## **Statement of Research Interests**

Yuxuan Zhang

As we have entered the Post-Moore Era where transistor size is reaching its limit, single-core performance can no longer be improved much. Although peripherals' performance and capacity have been dramatically increased and the concept of heterogeneous designs which allow the processor to offload part of its work to accelerators for speeding up program's execution have been proposed, the general purpose processor itself can still be a bottleneck for application's performance.

To address the inefficiency caused by processors, especially cache bottlenecks that remain despite decades of hardware innovations, I build systems that leverage both hardware and software techniques to improve application's performance. In these systems, hardware *monitors* performance and provides feedback to software, then software *optimizes* based on the feedback reported from hardware while applications are running. My past research includes two projects: (1) Online COde Layout Optimizations (Ocolos) [6] [7] and (2) Robust Profile-Guided Runtime Prefetch Generation (RPG²) [10]. The former has shown it is feasible to apply profile-guided code layout optimization at runtime with low overhead. The latter shows that runtime optimization can also be applied to data cache prefetching if the code layout is carefully tuned to support on-stack replacement and continuous optimization. In this statement, I summarize my prior works, and detail my future research plans.

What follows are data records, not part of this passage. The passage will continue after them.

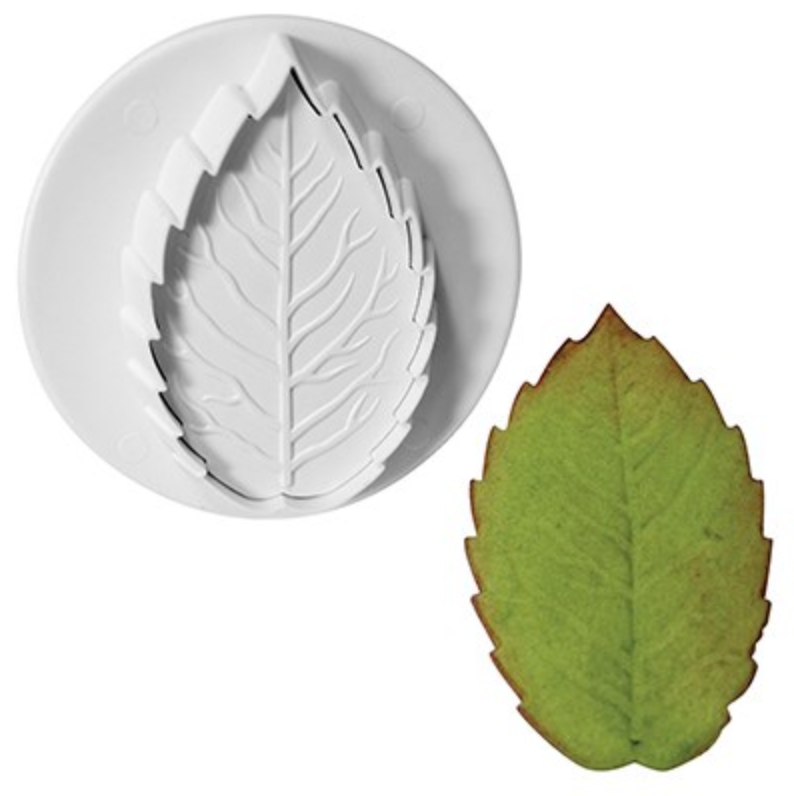 Frábært mót til þess að skera út rósalauf. Mótið er með stimpli svo það er einkar auðvelt að ná sykurmassanum eða deiginu úr mótinu. Ef þú þrýstir takkanum niður á meðan massinn er enn á borðinu kemur mynstur í sykurmassann eða deigið.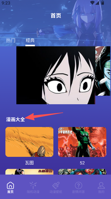 1、进入首页漫画大全。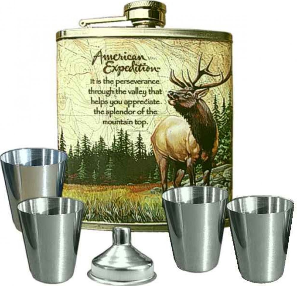 - likérka s pojistným uzávěrem o objemu cca 1,75 dcl- kazeta obsahuje likérku, 4 malé nerezové pohárky a nálevku- dodává se v kazetovém balení, vhodná jako dárkový předmět pro muže myslivce

## 1 Prior Research - Profile-Guided Code Layout Optimization at Runtime

Online COde Layout Optimizations (Ocolos): Prior research [1] has pointed out that the capacity of the instruction-cache of server processors cannot handle the growth of today's data center applications and their growing instruction working set. Several profile-guided compiler-based approaches [2] [3] [5] have been proposed to address the gap between the instruction cache capacity and the code size. However, they all require halting the program to re-launch the optimized application. This is unacceptable for many services which handle thousands of queries or tasks per second, and these queries or tasks may change rapidly depending on how the inputs change. A newly optimized code layout may become stale after a relatively short period of time. Then it becomes necessary to change the code of the running process again once the system detects that the current code layout is not optimal for the incoming queries or tasks anymore.

To address this problem, I implemented Ocolos [6] [7], the first *online* code layout optimization system for unmodified applications written in unmanaged languages like C and C++. Ocolos allows profile-guided optimization to be performed on a running process, instead of being performed offline and requiring the application to be re-launched. By running online, profile data is always relevant to the current execution and always maps perfectly to the running code. Ocolos demonstrates how to achieve robust online code replacement in complex multithreaded applications like MySQL and MongoDB, without requiring any application changes. Our experiments show that OCOLOS can accelerate big-code applications such as MySQL by up to  $1.41\times$ .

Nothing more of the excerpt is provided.